TASK TO CARRY OUT:
Write the listing out again exactly as it stands, with no images.

RAW DATA:
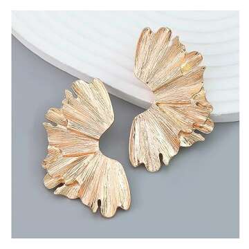 Show more Introducing the exquisite Gold Flower Earrings, a stunning piece crafted to elevate any party look. Made with a unique blend of style and elegance, these earrings feature post-back closures that secure them snugly against your ears, making them easy to wear and remove without any hassle. The irregular geometric figures add a modern twist, embodying a perfect expression of your personality. Lightweight yet eye-catching, these Ginkgo leaf earrings are designed for ultimate comfort while ensuring you shine in every event.
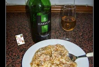 Y ya tenemos listo nuestro arroz con pollo podemos acompañarlo de una buena ensalada y una buena copa de vino como es mi caso de palo cortado un vino estupendo
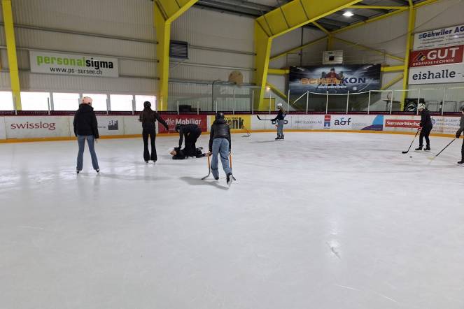 Das Team 'Mario' fuhr mit dem Bus nach Sursee, verbrachte dort eine tolle Zeit auf dem Eisfeld und wanderte danach zurück nach Nottwil. Im Gegensatz dazu startete das Team 'Luigi' mit der Wanderung und durfte nach der Eis-Zeit dafür dann, ganz bequem, den Bus zurück nach Nottwil nehmen.

RESPONSE:
 Show more Introducing the exquisite Gold Flower Earrings, a stunning piece crafted to elevate any party look. Made with a unique blend of style and elegance, these earrings feature post-back closures that secure them snugly against your ears, making them easy to wear and remove without any hassle. The irregular geometric figures add a modern twist, embodying a perfect expression of your personality. Lightweight yet eye-catching, these Ginkgo leaf earrings are designed for ultimate comfort while ensuring you shine in every event.
 Y ya tenemos listo nuestro arroz con pollo podemos acompañarlo de una buena ensalada y una buena copa de vino como es mi caso de palo cortado un vino estupendo
 Das Team 'Mario' fuhr mit dem Bus nach Sursee, verbrachte dort eine tolle Zeit auf dem Eisfeld und wanderte danach zurück nach Nottwil. Im Gegensatz dazu startete das Team 'Luigi' mit der Wanderung und durfte nach der Eis-Zeit dafür dann, ganz bequem, den Bus zurück nach Nottwil nehmen.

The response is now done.